[Exercise requirements]:
Copy out the listing below exactly, please, and skip any pictures.

[Information supplied]:
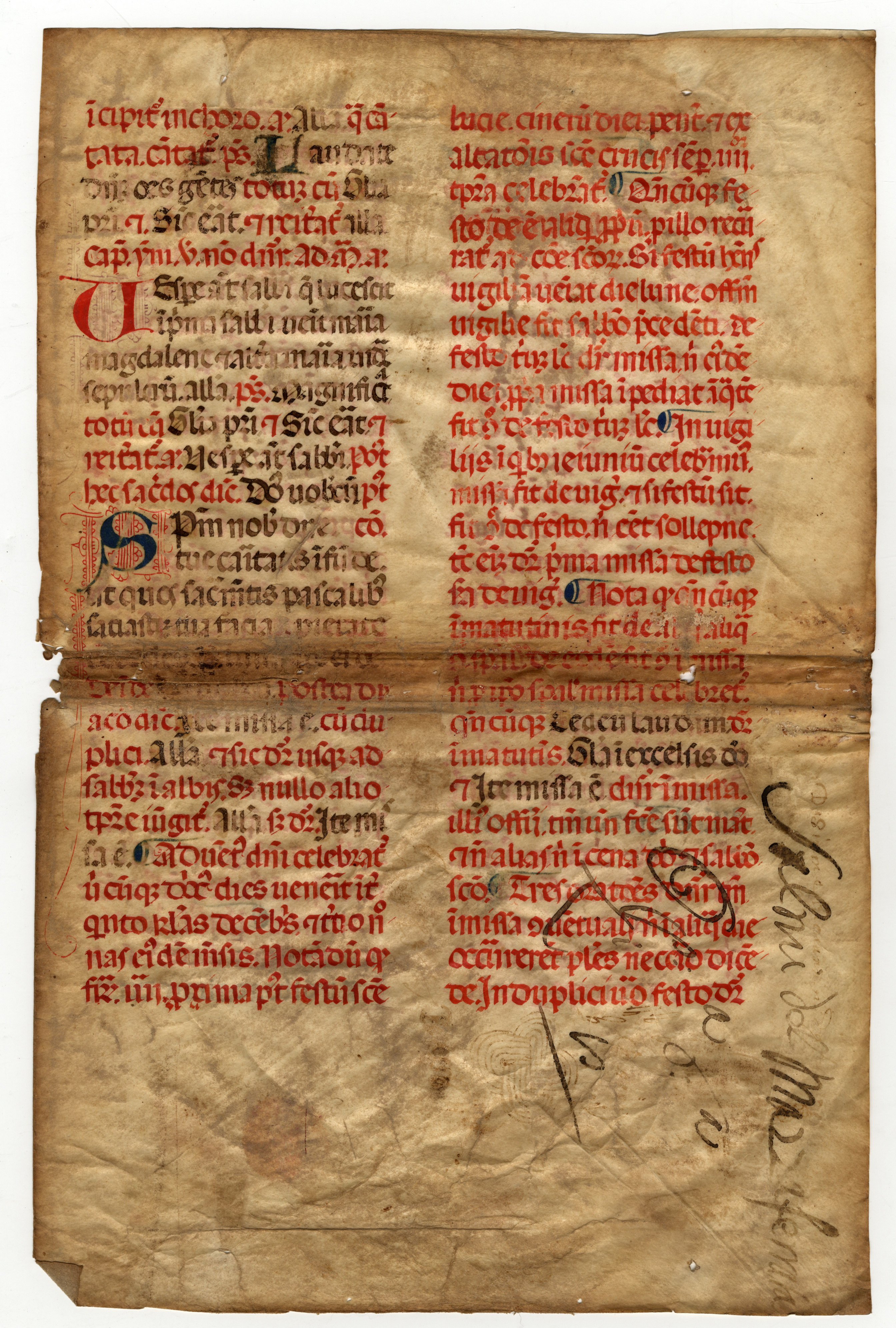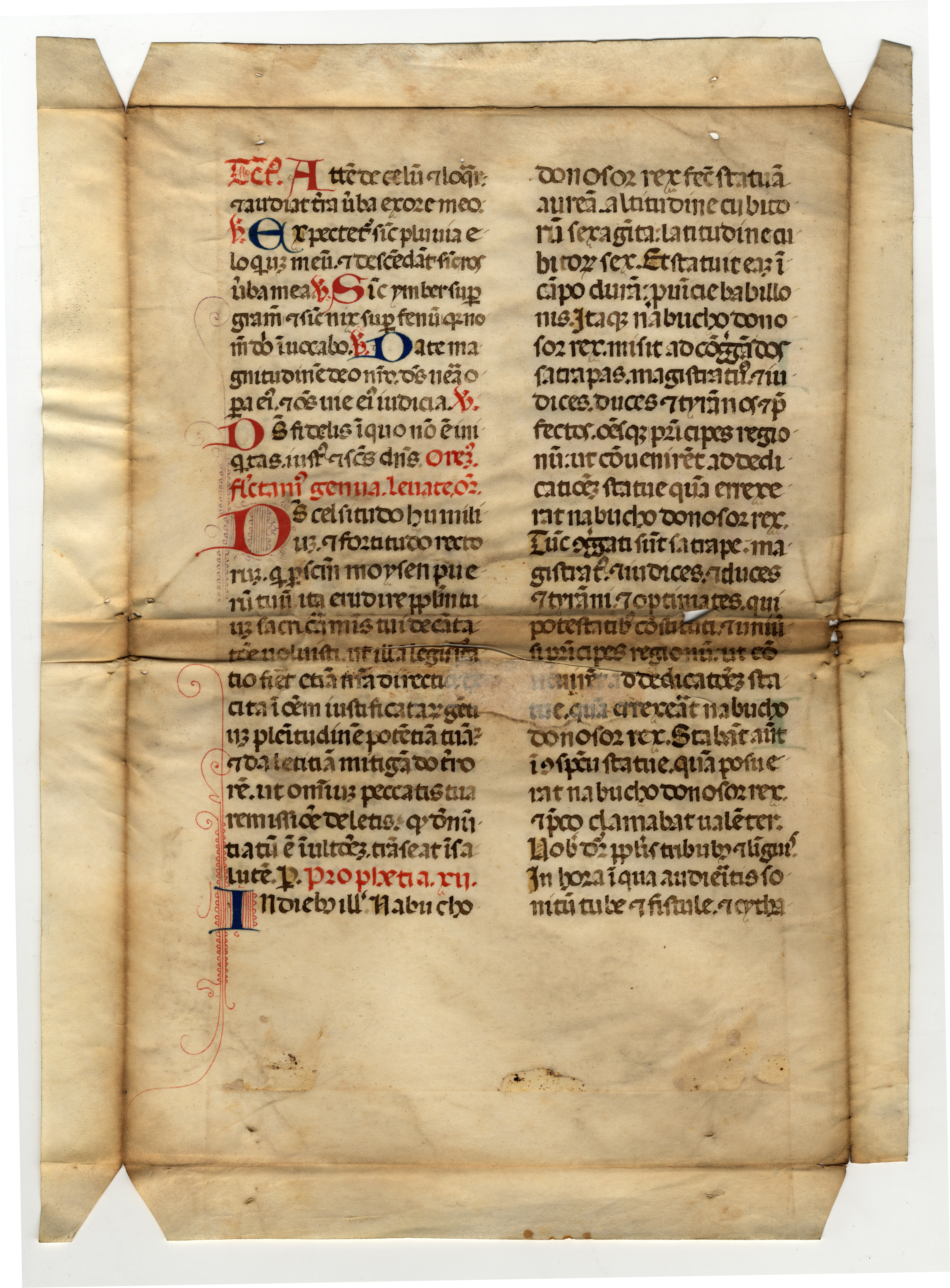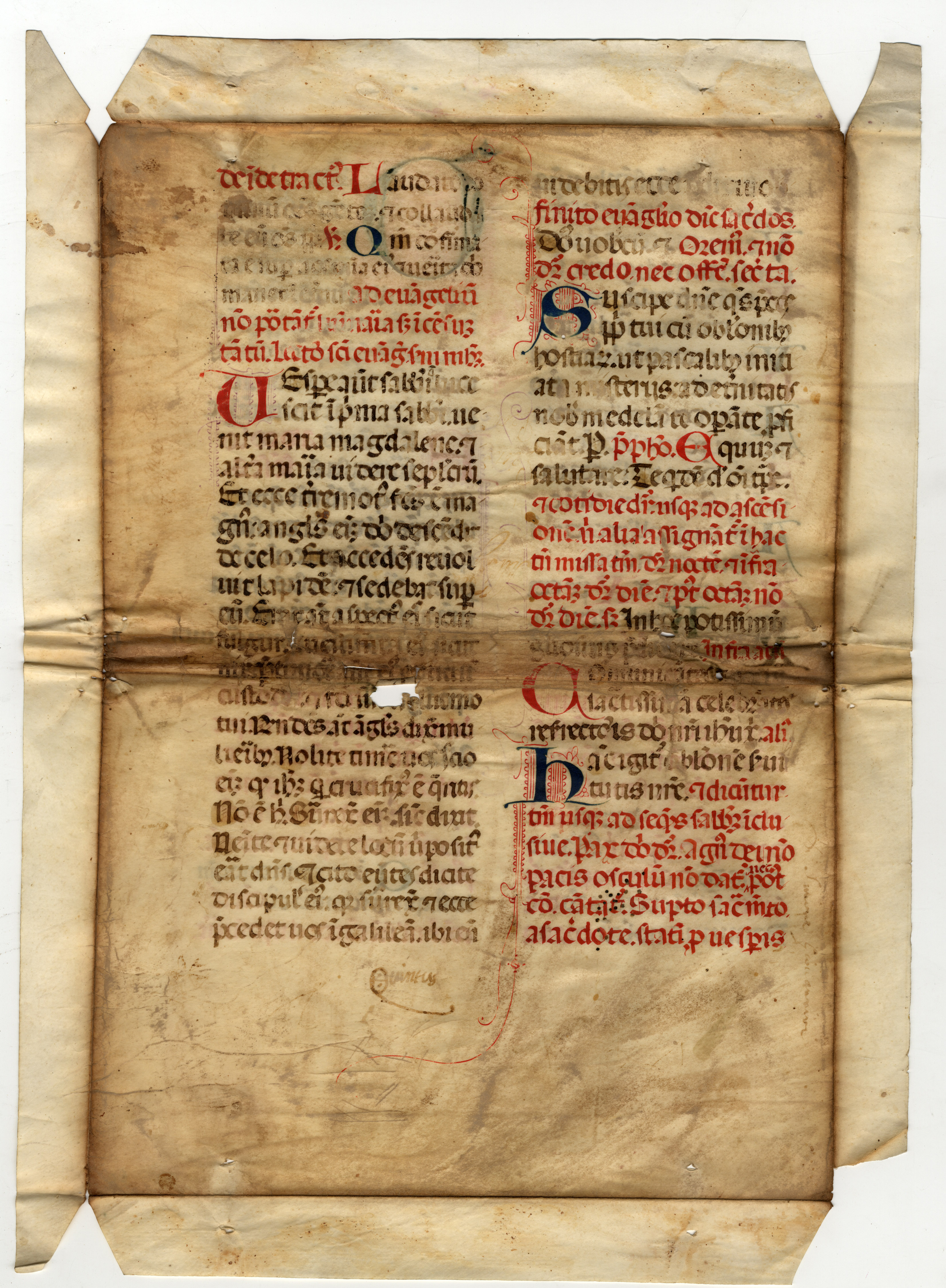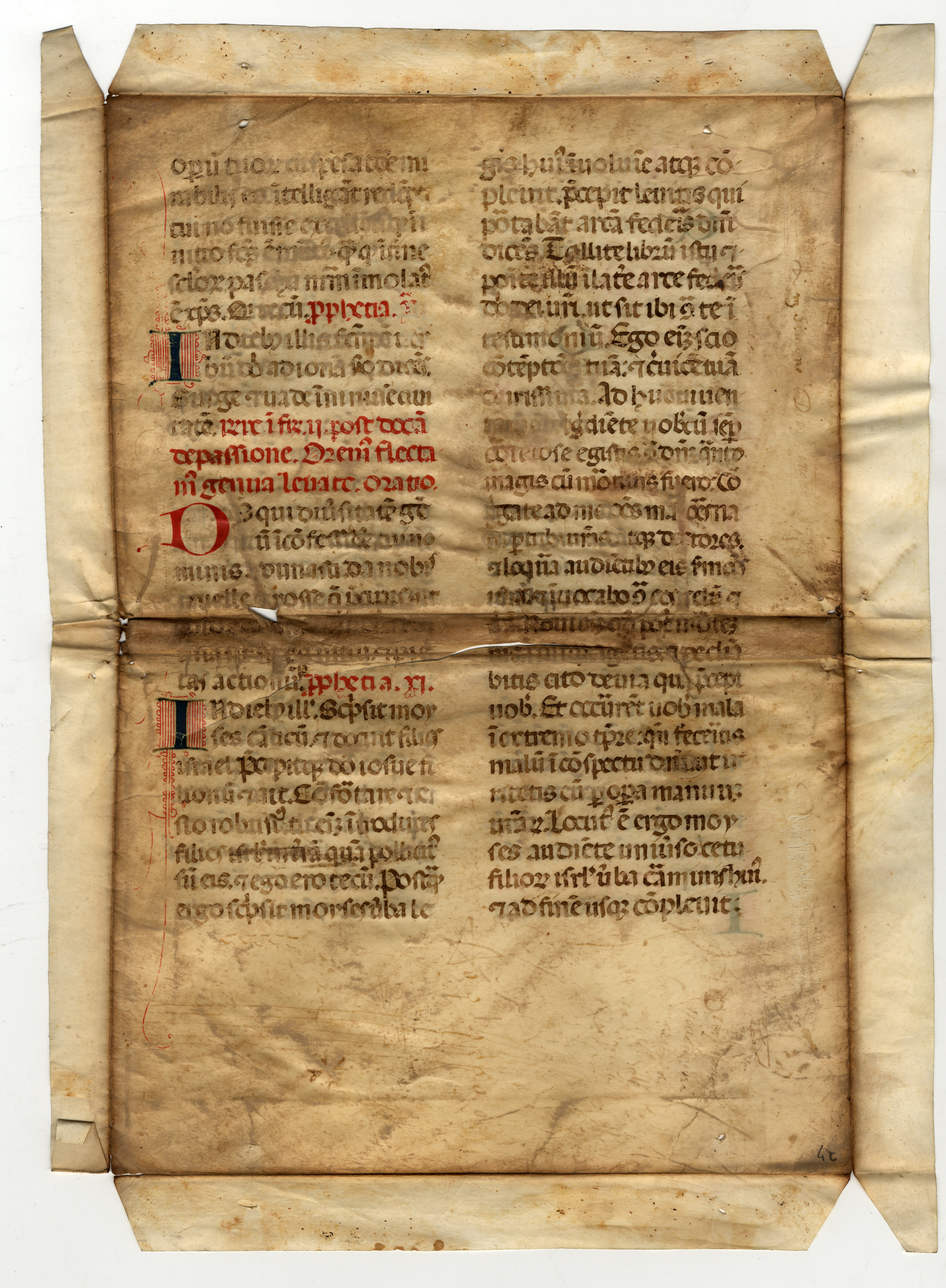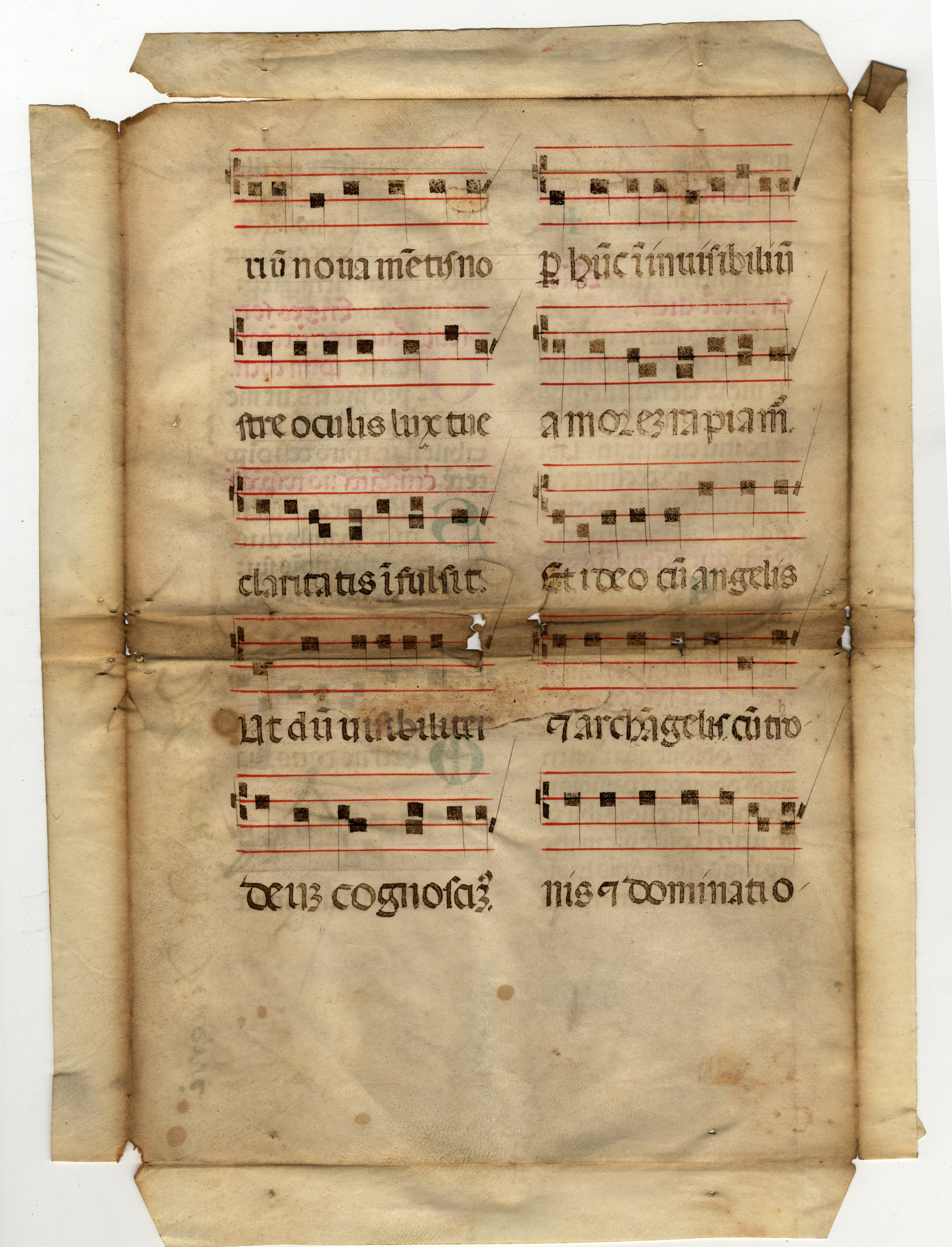 I fogli sono stati utilizzati come coperte come dimostrano i fori per la cucitura lungo il lato corto; al f. 3v di mano del sec. XVII: Salmi del Mazzaferrata.
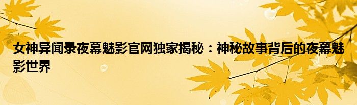 女神异闻录夜幕魅影官网独家揭秘:神秘故事背后的夜幕魅影世界
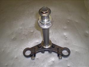 ブリッジ部に錆、汚れが少し有りますが、曲がり無く、しっかりしたパーツで、充分使用出来ます。上下ベアリング受け、キャップ、中ナット、トップナット付。シャフト径上23.5mm。下25.5mm。フォーク穴径30mm。
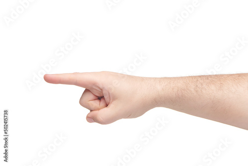 Male hand index finger isolated on white background. Brutal man finger pointing on object or direction. Finger gestures.

[Answer section]:
 I fogli sono stati utilizzati come coperte come dimostrano i fori per la cucitura lungo il lato corto; al f. 3v di mano del sec. XVII: Salmi del Mazzaferrata.
 女神异闻录夜幕魅影官网独家揭秘:神秘故事背后的夜幕魅影世界
 ブリッジ部に錆、汚れが少し有りますが、曲がり無く、しっかりしたパーツで、充分使用出来ます。上下ベアリング受け、キャップ、中ナット、トップナット付。シャフト径上23.5mm。下25.5mm。フォーク穴径30mm。
 Male hand index finger isolated on white background. Brutal man finger pointing on object or direction. Finger gestures.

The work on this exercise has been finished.